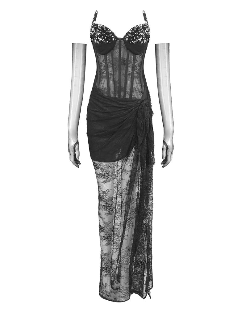 Strapless Black Maxi Dress, Lace Split, Long Bodycon, Mesh, Knit, Embroidery, Zi
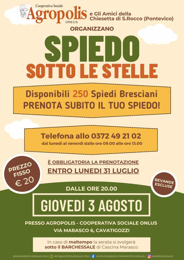 Giovedì 3 agosto torna lo “Spiedo sotto le Stelle” sull’aia di Agropolis, con la collaborazione degli Amici della Chiesetta di San Rocco di Pontevico. A partire dalle ore 20.00 verrà servito il tradizionale spiedo bresciano presso Cascina Marasco, in Via Marasco 6 a Cremona, con un piacevole accompagnamento musicale a fare da sfondo. Prenotazione obbligatoria entro il 31 luglio da lunedì a venerdì dalle 9.00 alle 13.00 al n. 0372 492102.
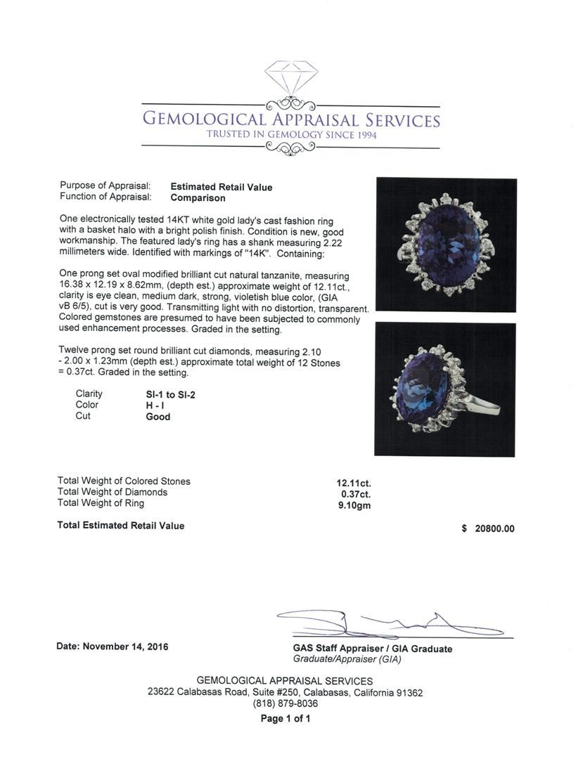 One electronically tested 14KT white gold lady's cast fashion ring with a basket halo with a bright polish finish. The featured lady's ring has a shank measuring 2.22 millimeters wide. Identified with markings of '14K'. Condition is new, good workmanship. Containing: One prong set oval modified brilliant cut natural tanzanite, measuring 16.38 x 12.19 x 8.62mm, (depth est.) approximate weight of 12.11ct., clarity is eye clean, medium dark, strong, violetish blue color, (GIA vB 6/5), cut is very good. Transmitting light with no distortion, transparent. Colored gemstones are presumed to have been subjected to commonly used enhancement processes. Graded in the setting. Twelve prong set round brilliant cut diamonds, measuring 2.10 - 2.00 x 1.23mm (depth est.) approximate total weight of 12 Stones = 0.37ct. Graded in the setting. Clarity SI-1 to SI-2. Color: H - I Cut Good. Total Weight of Colored Stones 12.11ct.. Total Weight of Diamonds 0.37ct.. Total Weight of Ring 9.10gm GAS Appraised at $20,800.00.
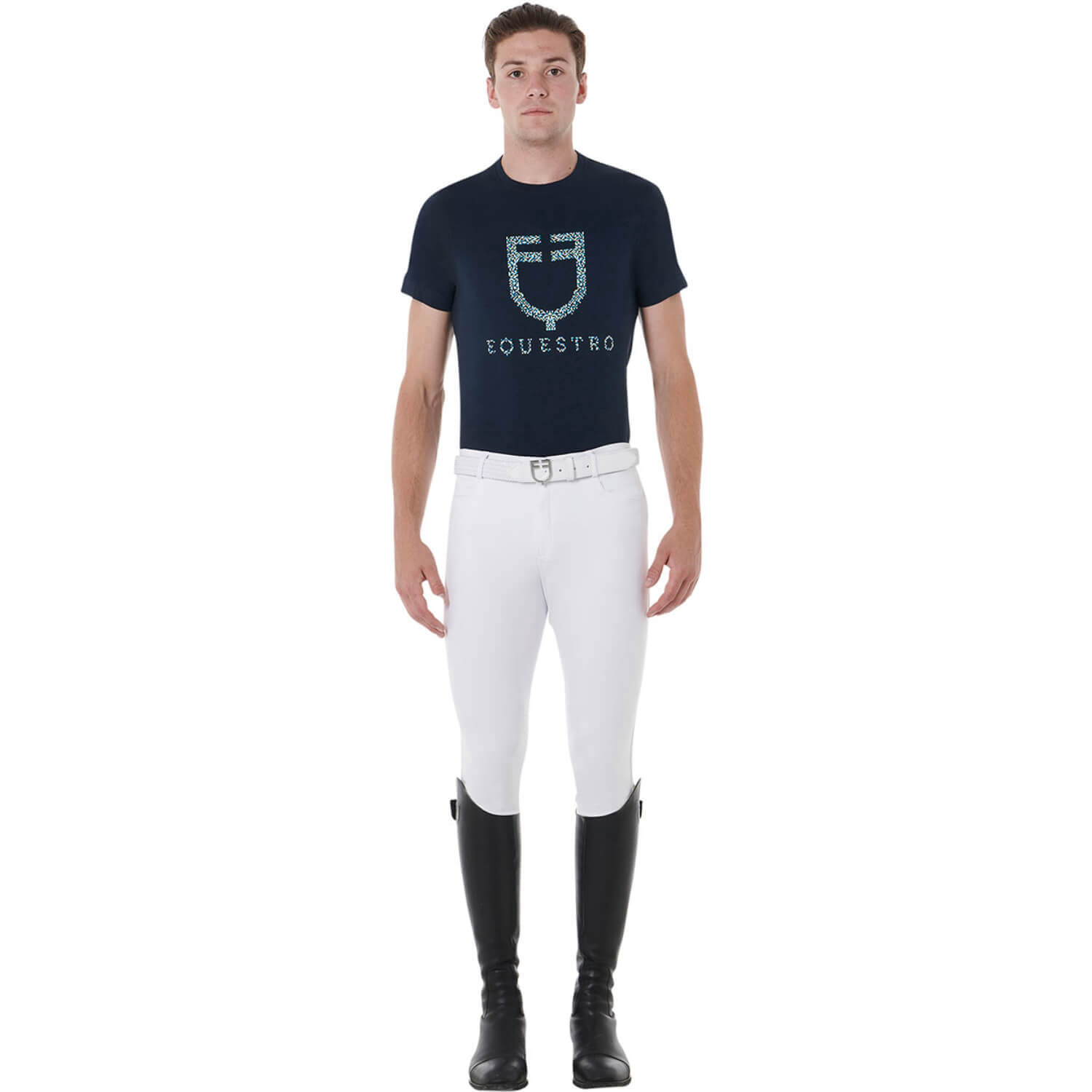 - graphic with Equestro lettering and logo along the right thigh

▶ **Exercise**: Reproduce the material word for word. Any pictures should be left out of the copy.

▶ **Answer to the problem**:
 Strapless Black Maxi Dress, Lace Split, Long Bodycon, Mesh, Knit, Embroidery, Zi
 Giovedì 3 agosto torna lo “Spiedo sotto le Stelle” sull’aia di Agropolis, con la collaborazione degli Amici della Chiesetta di San Rocco di Pontevico. A partire dalle ore 20.00 verrà servito il tradizionale spiedo bresciano presso Cascina Marasco, in Via Marasco 6 a Cremona, con un piacevole accompagnamento musicale a fare da sfondo. Prenotazione obbligatoria entro il 31 luglio da lunedì a venerdì dalle 9.00 alle 13.00 al n. 0372 492102.
 One electronically tested 14KT white gold lady's cast fashion ring with a basket halo with a bright polish finish. The featured lady's ring has a shank measuring 2.22 millimeters wide. Identified with markings of '14K'. Condition is new, good workmanship. Containing: One prong set oval modified brilliant cut natural tanzanite, measuring 16.38 x 12.19 x 8.62mm, (depth est.) approximate weight of 12.11ct., clarity is eye clean, medium dark, strong, violetish blue color, (GIA vB 6/5), cut is very good. Transmitting light with no distortion, transparent. Colored gemstones are presumed to have been subjected to commonly used enhancement processes. Graded in the setting. Twelve prong set round brilliant cut diamonds, measuring 2.10 - 2.00 x 1.23mm (depth est.) approximate total weight of 12 Stones = 0.37ct. Graded in the setting. Clarity SI-1 to SI-2. Color: H - I Cut Good. Total Weight of Colored Stones 12.11ct.. Total Weight of Diamonds 0.37ct.. Total Weight of Ring 9.10gm GAS Appraised at $20,800.00.
 - graphic with Equestro lettering and logo along the right thigh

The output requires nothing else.